### YOUR GOAL
Restate exactly the lines that run from the start of the records below to the line containing "Left to right: Silvia", counting both ends, and nothing else; pictures stay out.

[Saved entries]
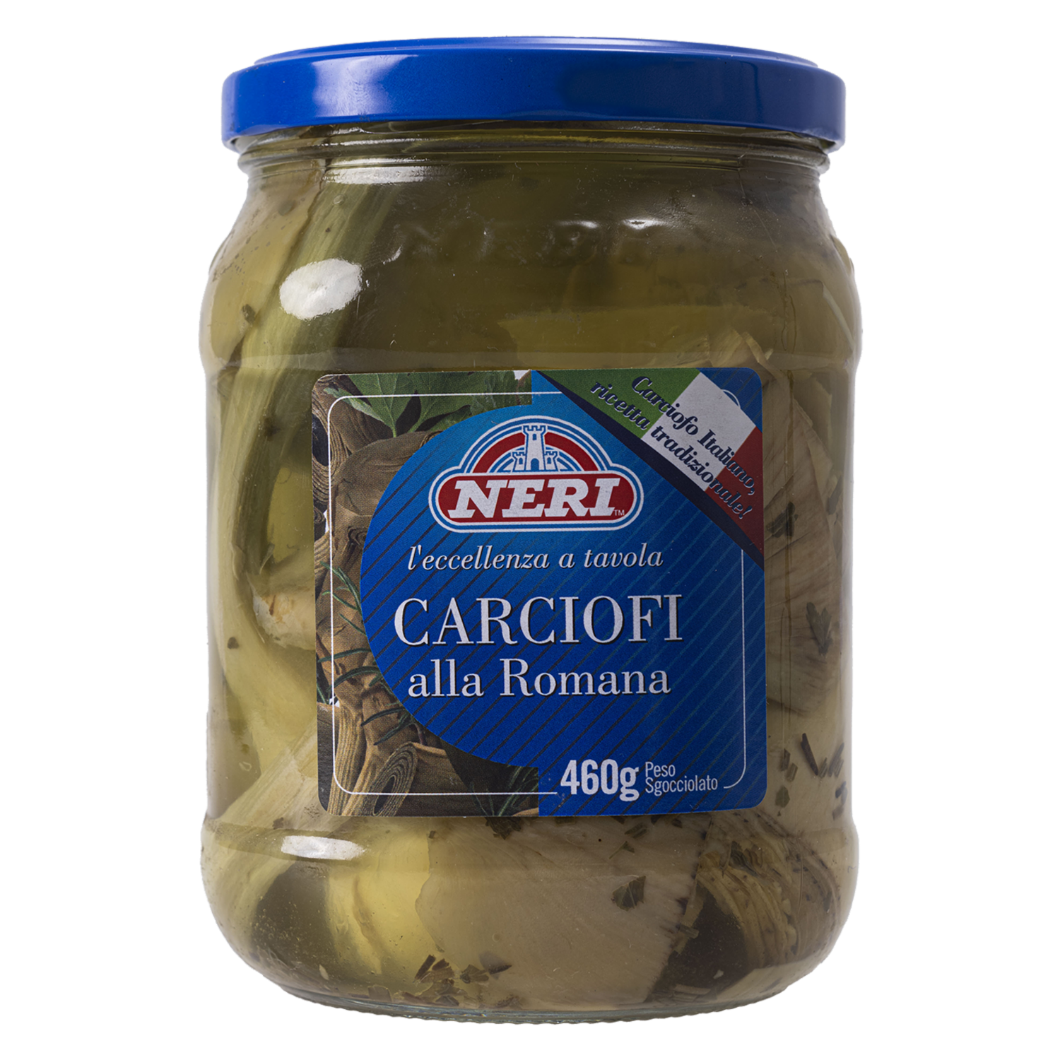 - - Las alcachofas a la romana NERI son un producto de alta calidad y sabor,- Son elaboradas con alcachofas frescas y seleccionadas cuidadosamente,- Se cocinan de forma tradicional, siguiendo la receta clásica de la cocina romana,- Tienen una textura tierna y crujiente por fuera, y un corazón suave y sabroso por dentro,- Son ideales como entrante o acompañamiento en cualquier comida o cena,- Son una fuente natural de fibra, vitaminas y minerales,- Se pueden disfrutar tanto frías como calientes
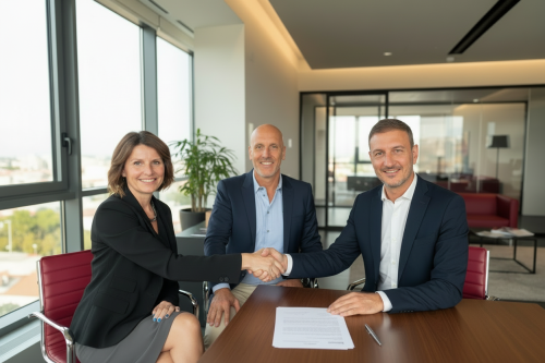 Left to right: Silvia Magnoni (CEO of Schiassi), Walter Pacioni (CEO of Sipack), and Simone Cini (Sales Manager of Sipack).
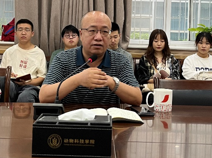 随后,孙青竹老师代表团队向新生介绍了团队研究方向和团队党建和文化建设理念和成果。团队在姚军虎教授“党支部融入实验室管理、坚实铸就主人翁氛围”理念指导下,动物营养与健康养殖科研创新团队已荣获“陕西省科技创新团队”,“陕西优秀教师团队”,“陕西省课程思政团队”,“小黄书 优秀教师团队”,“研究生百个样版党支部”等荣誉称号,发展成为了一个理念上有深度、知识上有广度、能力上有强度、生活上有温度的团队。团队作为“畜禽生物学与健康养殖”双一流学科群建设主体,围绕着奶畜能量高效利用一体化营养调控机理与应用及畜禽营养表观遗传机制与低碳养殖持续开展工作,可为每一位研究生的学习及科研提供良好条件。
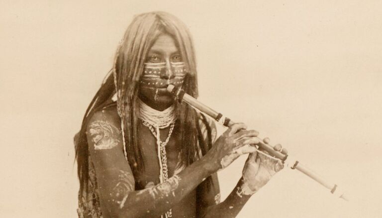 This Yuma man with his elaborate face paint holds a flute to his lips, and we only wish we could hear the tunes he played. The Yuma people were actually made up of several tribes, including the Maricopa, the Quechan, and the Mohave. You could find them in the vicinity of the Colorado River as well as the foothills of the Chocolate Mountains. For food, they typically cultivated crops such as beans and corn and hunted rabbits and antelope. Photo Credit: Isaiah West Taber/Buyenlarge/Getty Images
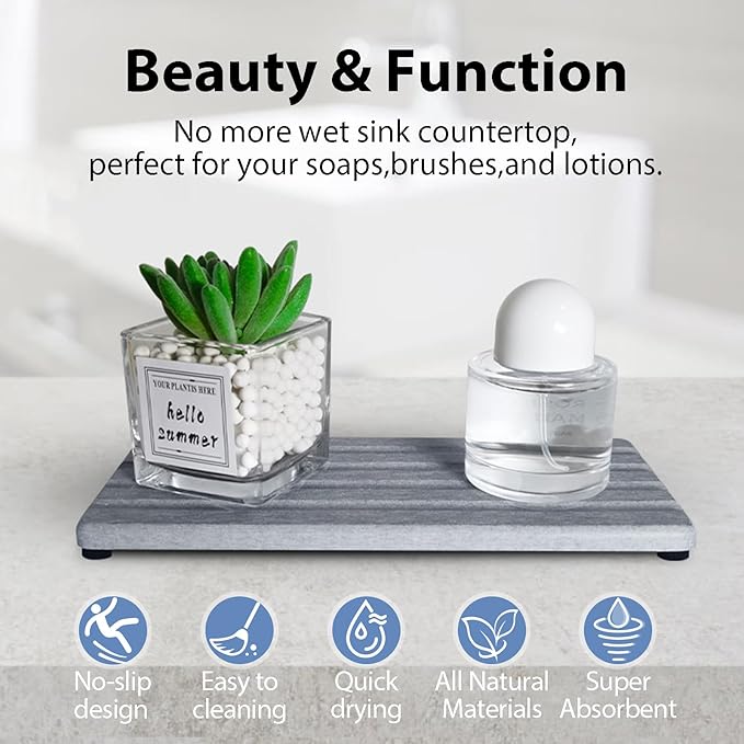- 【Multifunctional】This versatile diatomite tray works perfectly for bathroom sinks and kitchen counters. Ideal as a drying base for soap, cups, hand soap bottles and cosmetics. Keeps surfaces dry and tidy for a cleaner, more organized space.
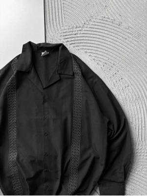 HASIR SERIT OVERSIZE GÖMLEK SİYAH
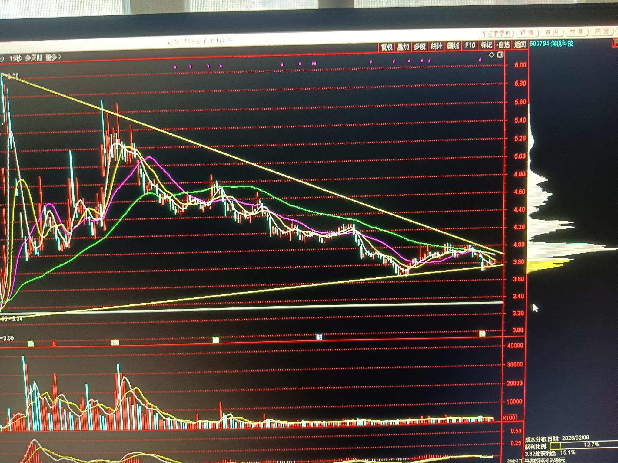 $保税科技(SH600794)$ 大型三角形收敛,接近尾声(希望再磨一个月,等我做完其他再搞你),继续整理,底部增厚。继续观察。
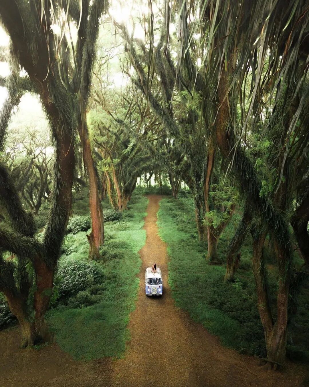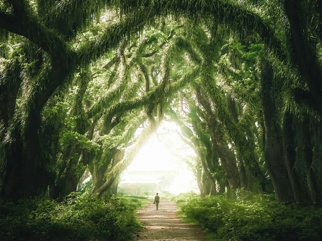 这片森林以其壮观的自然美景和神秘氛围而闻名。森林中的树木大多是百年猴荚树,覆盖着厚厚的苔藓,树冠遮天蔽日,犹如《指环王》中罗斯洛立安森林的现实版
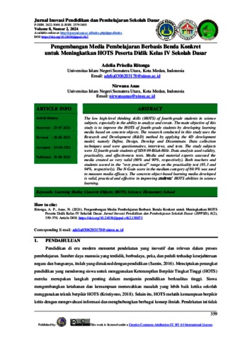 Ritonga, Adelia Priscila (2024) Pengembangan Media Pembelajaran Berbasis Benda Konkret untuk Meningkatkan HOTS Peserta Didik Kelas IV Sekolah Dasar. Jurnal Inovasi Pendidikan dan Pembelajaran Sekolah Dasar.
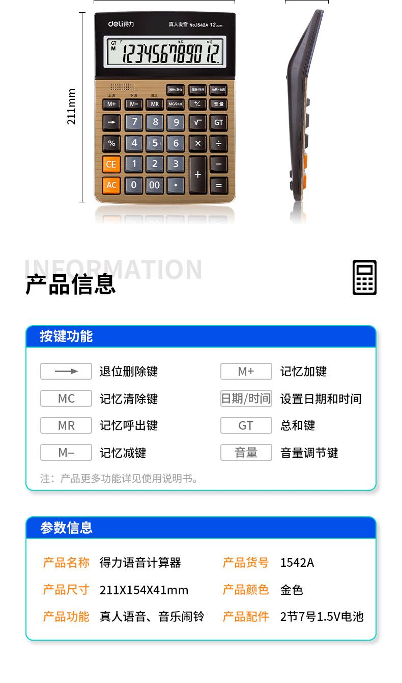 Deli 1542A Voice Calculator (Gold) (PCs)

### RESULT
 - - Las alcachofas a la romana NERI son un producto de alta calidad y sabor,- Son elaboradas con alcachofas frescas y seleccionadas cuidadosamente,- Se cocinan de forma tradicional, siguiendo la receta clásica de la cocina romana,- Tienen una textura tierna y crujiente por fuera, y un corazón suave y sabroso por dentro,- Son ideales como entrante o acompañamiento en cualquier comida o cena,- Son una fuente natural de fibra, vitaminas y minerales,- Se pueden disfrutar tanto frías como calientes
 Left to right: Silvia Magnoni (CEO of Schiassi), Walter Pacioni (CEO of Sipack), and Simone Cini (Sales Manager of Sipack).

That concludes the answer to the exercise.